The sullen silence that ensued had him smirking inside. Stupid bitch. While the knocked unconscious held its appeal, he couldn’t really say it was very likely to happen. And he’d gone the majority of his life without hitting, well, he had unfortunately had to strike a woman or two in the service. The world was changing and he didn’t always fight up against just men any more.
And he didn’t think it counted the times he had had Nikki when he was little. At least he hoped not.

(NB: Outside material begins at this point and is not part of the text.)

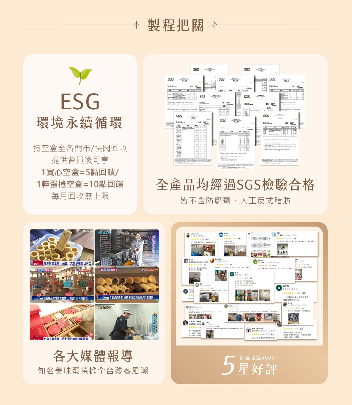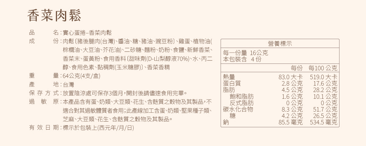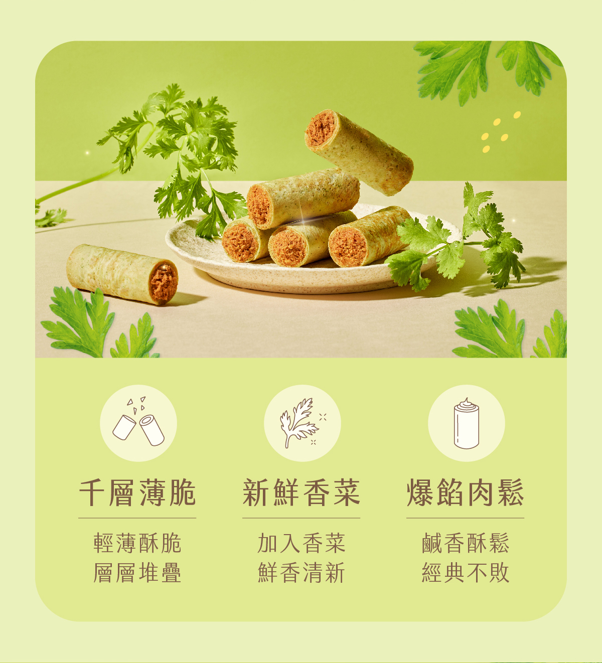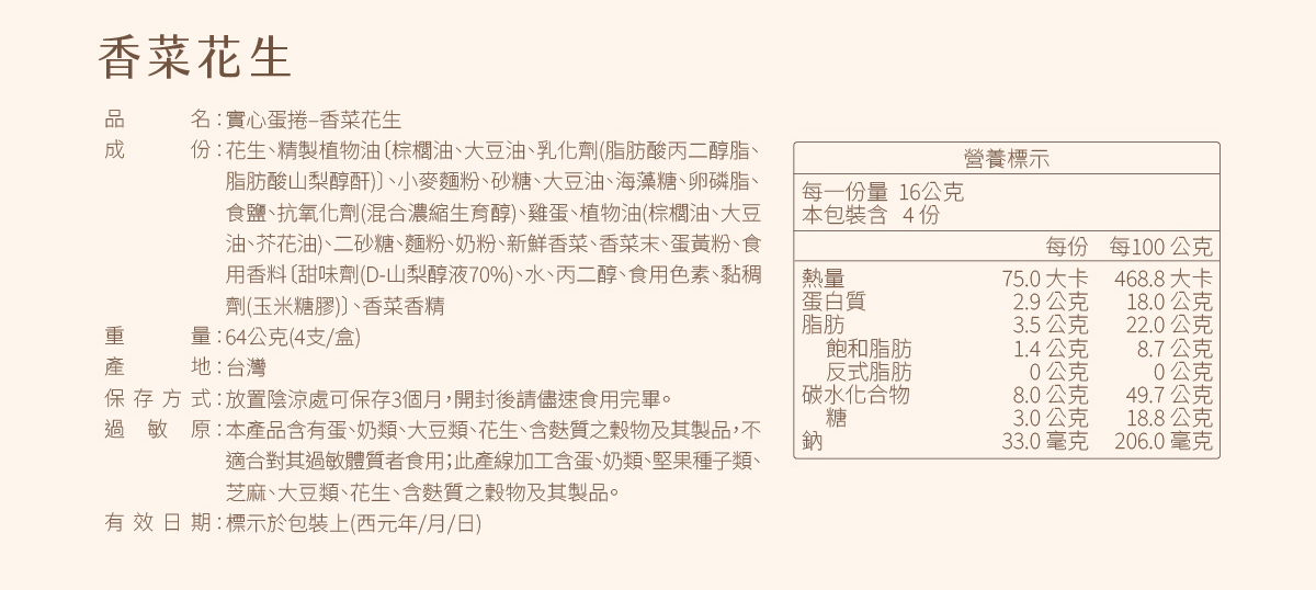 ・規格:32入粹蛋捲x1盒-真香菜+實心蛋捲x2盒(香菜花生x1+香菜肉鬆x1)+品牌小提袋(白)

Stepping over her legs, he glanced down at her. “If you’re good, I might untie you and take you to the house before I take her home. Otherwise you can freeze your ass off while you wait for the cops.”
“You’re going to get your ass thrown in jail, treating me like this,” she hissed.
Quirking an eyebrow at her, he asked, “Why? For getting a little girl home where she belongs?”
Then he headed up the hill to play tag with a pretty little faerie as he reached for his cell phone.
Chapter Seven
Six Months Later
“Hell, Kris. I don’t know about this.” Studying the website, he shook his head before looking around the office, his hands tucked into his back pockets as he walked around.
In the past six months since he had returned Codi Martin to her mother’s arms, Kris had finally convinced him to do this. But she knew he was still rather reluctant. Eying him, she wished that he could see himself the way others saw him, the way she was seeing him now.